-- About this task --
Using the data below, restate exactly every line from the one with "十幾公斤重的剪草機(jī)背" up to and including the one with "Администрация Балашовского района". No picture belongs in it.

══ Given entries

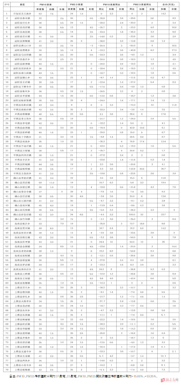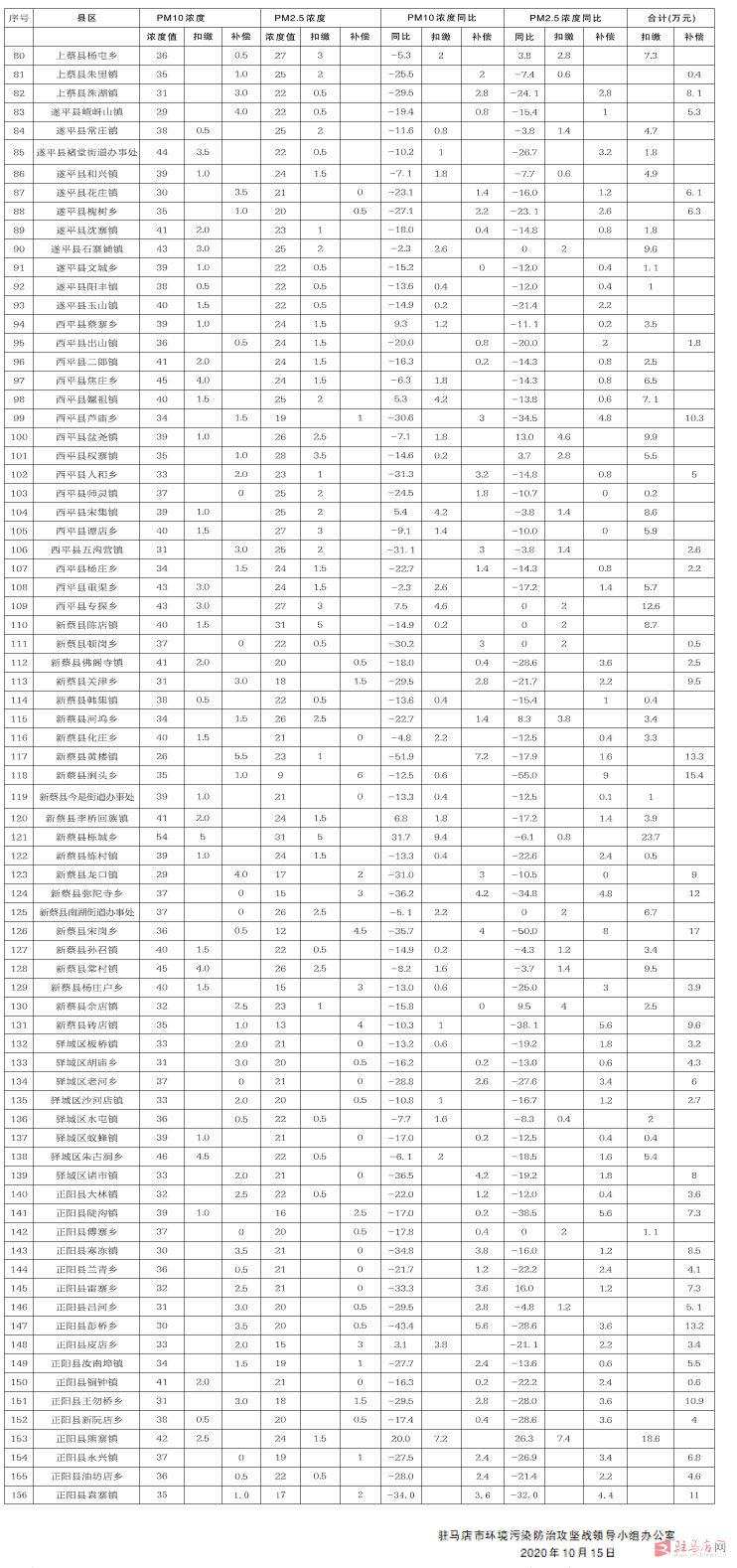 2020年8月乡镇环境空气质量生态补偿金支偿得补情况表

════
══ Given entries

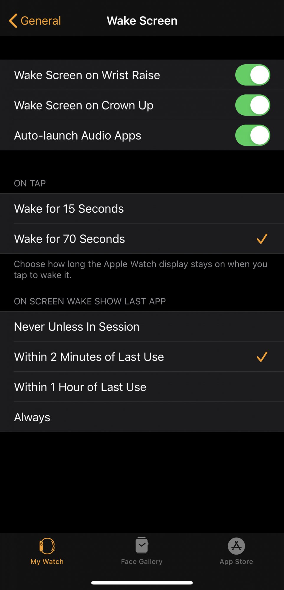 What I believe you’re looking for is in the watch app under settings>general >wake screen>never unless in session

════
══ Given entries

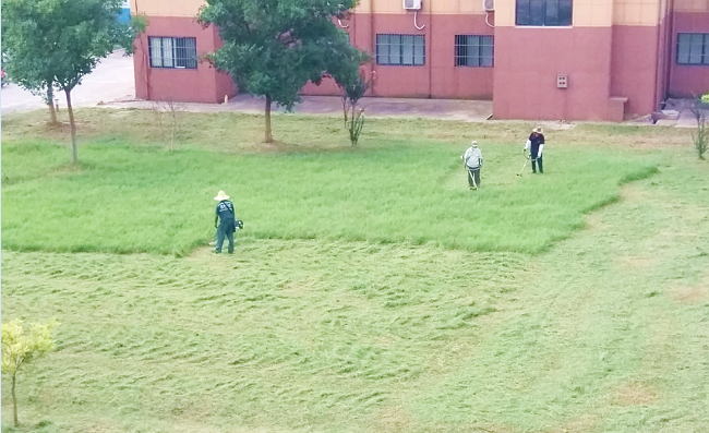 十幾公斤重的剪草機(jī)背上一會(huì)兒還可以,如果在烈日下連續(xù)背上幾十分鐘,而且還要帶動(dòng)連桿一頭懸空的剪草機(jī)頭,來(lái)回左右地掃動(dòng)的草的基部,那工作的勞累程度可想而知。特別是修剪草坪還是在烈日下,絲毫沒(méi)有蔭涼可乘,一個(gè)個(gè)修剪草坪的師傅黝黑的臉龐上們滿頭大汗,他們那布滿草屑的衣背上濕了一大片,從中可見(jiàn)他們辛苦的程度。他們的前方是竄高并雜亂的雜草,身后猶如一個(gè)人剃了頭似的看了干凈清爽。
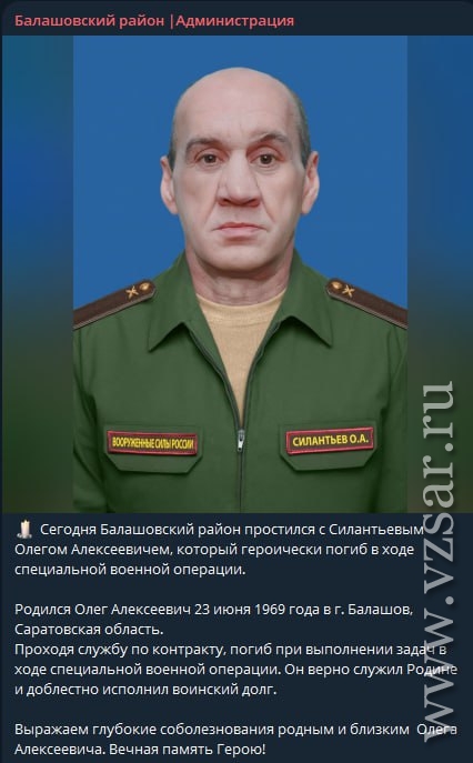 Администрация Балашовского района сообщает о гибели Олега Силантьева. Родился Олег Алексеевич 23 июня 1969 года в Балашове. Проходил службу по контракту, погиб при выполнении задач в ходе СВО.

════

-- Your solution --
 十幾公斤重的剪草機(jī)背上一會(huì)兒還可以,如果在烈日下連續(xù)背上幾十分鐘,而且還要帶動(dòng)連桿一頭懸空的剪草機(jī)頭,來(lái)回左右地掃動(dòng)的草的基部,那工作的勞累程度可想而知。特別是修剪草坪還是在烈日下,絲毫沒(méi)有蔭涼可乘,一個(gè)個(gè)修剪草坪的師傅黝黑的臉龐上們滿頭大汗,他們那布滿草屑的衣背上濕了一大片,從中可見(jiàn)他們辛苦的程度。他們的前方是竄高并雜亂的雜草,身后猶如一個(gè)人剃了頭似的看了干凈清爽。
 Администрация Балашовского района сообщает о гибели Олега Силантьева. Родился Олег Алексеевич 23 июня 1969 года в Балашове. Проходил службу по контракту, погиб при выполнении задач в ходе СВО.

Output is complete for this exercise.